=== Dataset excerpt ===
<<<<

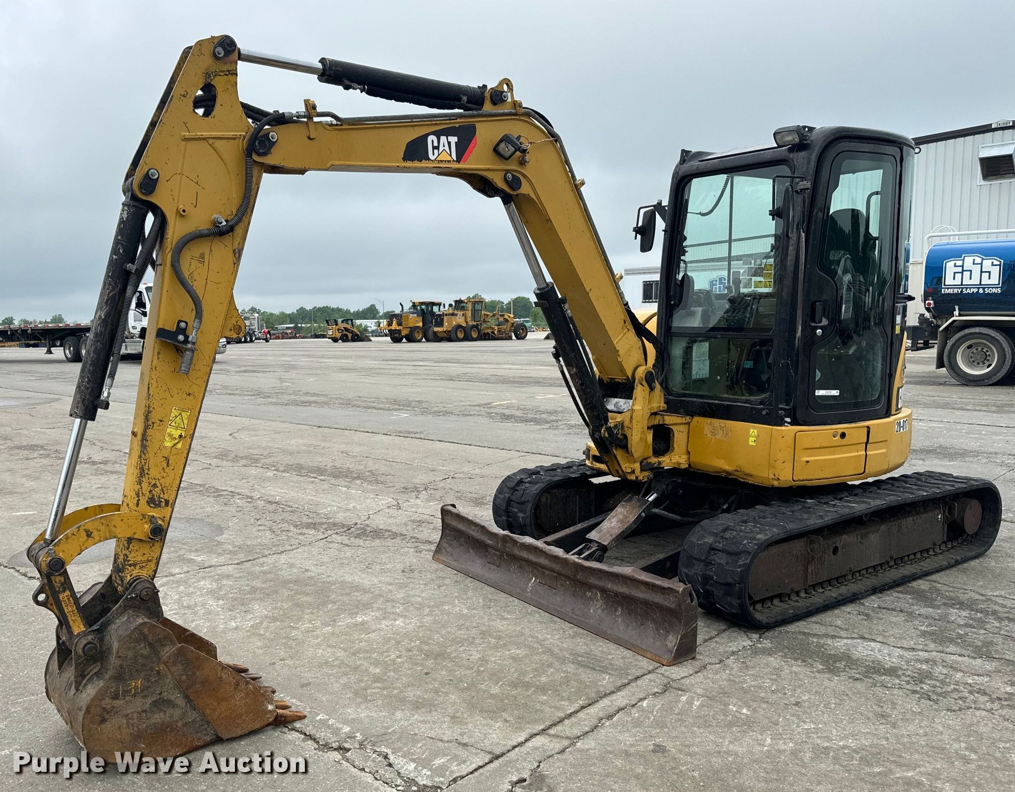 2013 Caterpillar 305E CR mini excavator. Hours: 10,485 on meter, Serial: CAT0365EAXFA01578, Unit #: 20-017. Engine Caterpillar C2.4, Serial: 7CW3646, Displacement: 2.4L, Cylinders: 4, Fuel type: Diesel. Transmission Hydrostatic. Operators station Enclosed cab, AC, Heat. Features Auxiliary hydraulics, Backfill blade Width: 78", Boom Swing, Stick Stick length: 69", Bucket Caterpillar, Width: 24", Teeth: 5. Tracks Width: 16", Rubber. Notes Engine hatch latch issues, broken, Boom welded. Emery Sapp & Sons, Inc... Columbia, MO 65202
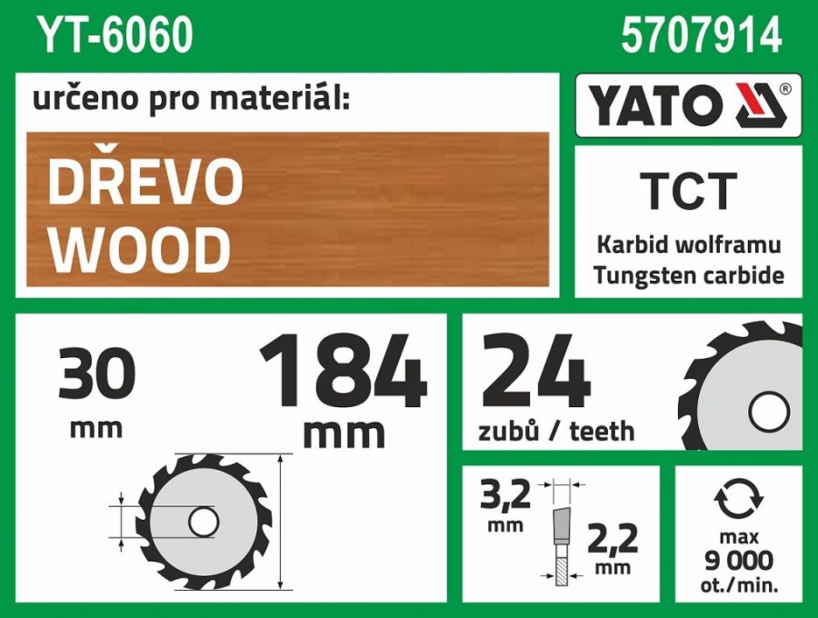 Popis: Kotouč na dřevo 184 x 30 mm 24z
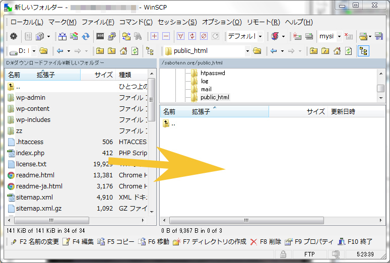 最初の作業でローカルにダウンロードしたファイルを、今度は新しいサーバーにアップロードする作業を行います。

>>>>

Set down the data again, exactly, without images.

=== Task solution ===
 2013 Caterpillar 305E CR mini excavator. Hours: 10,485 on meter, Serial: CAT0365EAXFA01578, Unit #: 20-017. Engine Caterpillar C2.4, Serial: 7CW3646, Displacement: 2.4L, Cylinders: 4, Fuel type: Diesel. Transmission Hydrostatic. Operators station Enclosed cab, AC, Heat. Features Auxiliary hydraulics, Backfill blade Width: 78", Boom Swing, Stick Stick length: 69", Bucket Caterpillar, Width: 24", Teeth: 5. Tracks Width: 16", Rubber. Notes Engine hatch latch issues, broken, Boom welded. Emery Sapp & Sons, Inc... Columbia, MO 65202
 Popis: Kotouč na dřevo 184 x 30 mm 24z
 最初の作業でローカルにダウンロードしたファイルを、今度は新しいサーバーにアップロードする作業を行います。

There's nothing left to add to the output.